Jason Kephart, an analyst at Morningstar, said the fees for some alternative investments aren't clearly spelled out, some even have to be deciphered from footnotes.
Seems like Trump really is creating new ways to bilk retirement funds with risk and unload toxic assets onto them.
Tiffany Cianci is a small business owner turned investigative journalist who has been sounding the alarm for months about the coming financial apocalypse. If you’re a podcaster or a journalist, please find a way to contact her and interview about this.
She is now warning that there is a $12,000,000,000,000 (TRILLION) BAILOUT underway for Harvard, Yale, and the major private equity firms who are about to go bankrupt.

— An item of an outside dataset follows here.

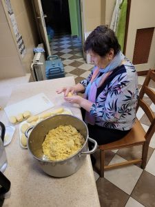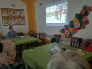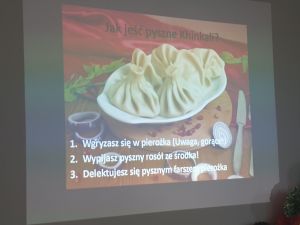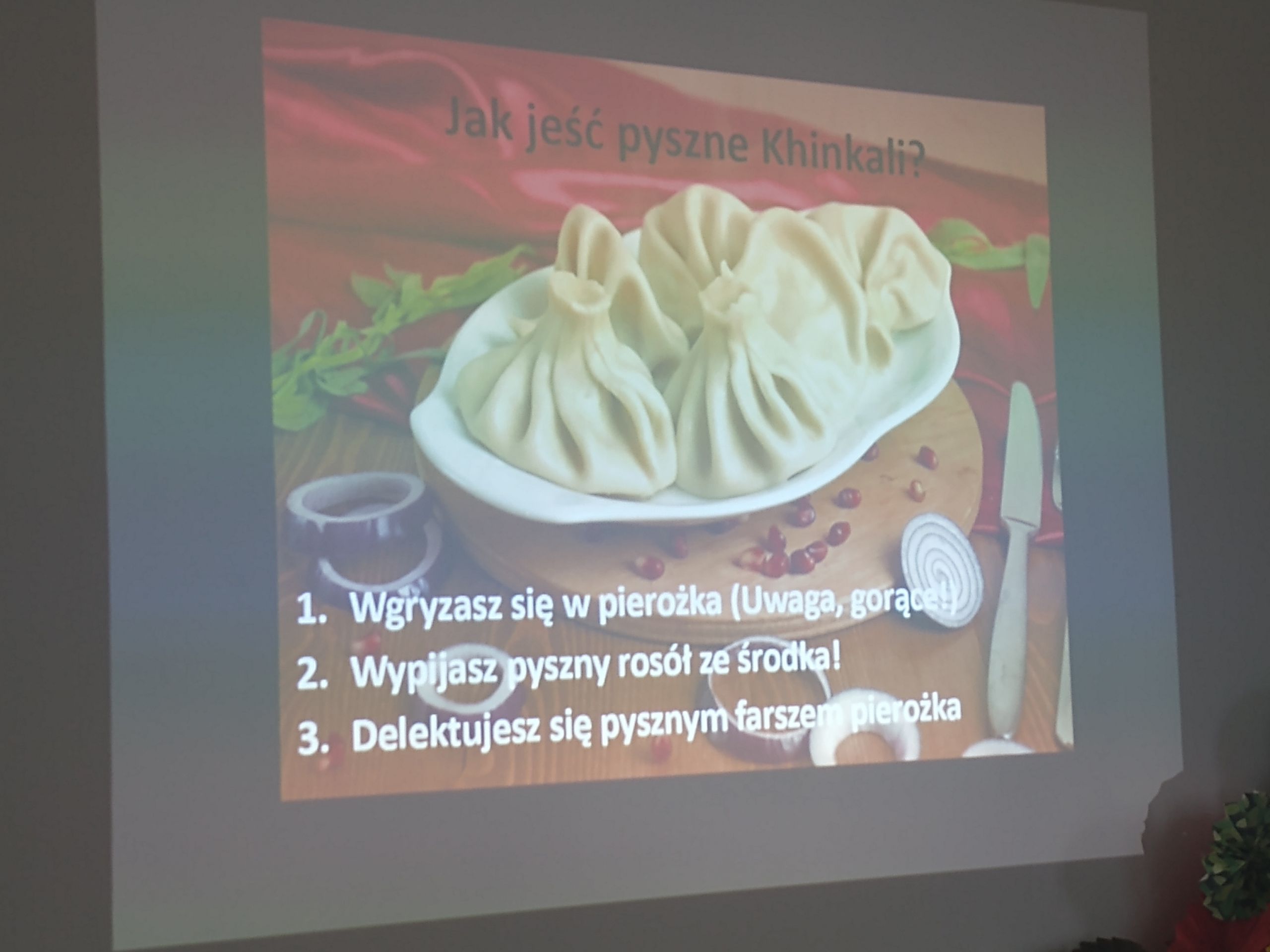Kolejny raz mieliśmy okazję poznać kawałeczek Gruzji. Irina przygotowała czwiszdwari – bułeczki z mąki kukurydzianej i sera, a następnie przedstawiła najważniejsze fakty oraz ciekawostki o Gruzji. Pokazała nam przepiękne widoki, puściła utwór, który został wysłany w kosmos, jako jeden z kilku z całego świata, zaprezentowała podstawowe ruchy gruzińskiego tańca oraz pomogła napisać seniorom ich imiona literami gruzińskiego alfabetu. Bardzo ciekawie i pysznie minął nam dzień.

Where is the money going to come from?
YOUR RETIREMENT FUND.
According to her research, Donald Trump is soon going to sign an executive order facilitating a deal between the private equity firms and the 401k retirement funds in America, disguised as a wonderful opportunity for retirement fund managers to “invest” in the private equity assets—which are secretly worthless. Private equity is desperate to unload their toxic crap. Apparently, Harvard and Yale are deeply in debt to this as well, and need to get bailed out to the tune of hundreds of billions of dollars.
The total value of the retirement funds is 12 Trillion, which provides more than enough money to let all of these ultra-wealthy elites dump their liabilities and leave the average worker holding the bill.
Watch the video and spread the news.
This then is the follow up to his disastrous signing of the Genius (ironic) Act, and two others that are related, anti-CBDC and something else. Anyway, the Genius act mandates that stablecoins must back their assets with US debt instruments, thus the US debt will be subsidized through stablecoins like Tether, which I believe they hope to use and phase out fiat currency, and US citizens will be paying down a debt they didn’t incur. The Epstein Files blowup was a distraction for these acts to be signed unnoticed.
My book was, “Gradually, Gradually, Suddenly: The Coming Financial Collapse and the Hope of Jesus Christ.”
I’ve wondered for some time when (or if) it would happen. Maybe this is the beginning?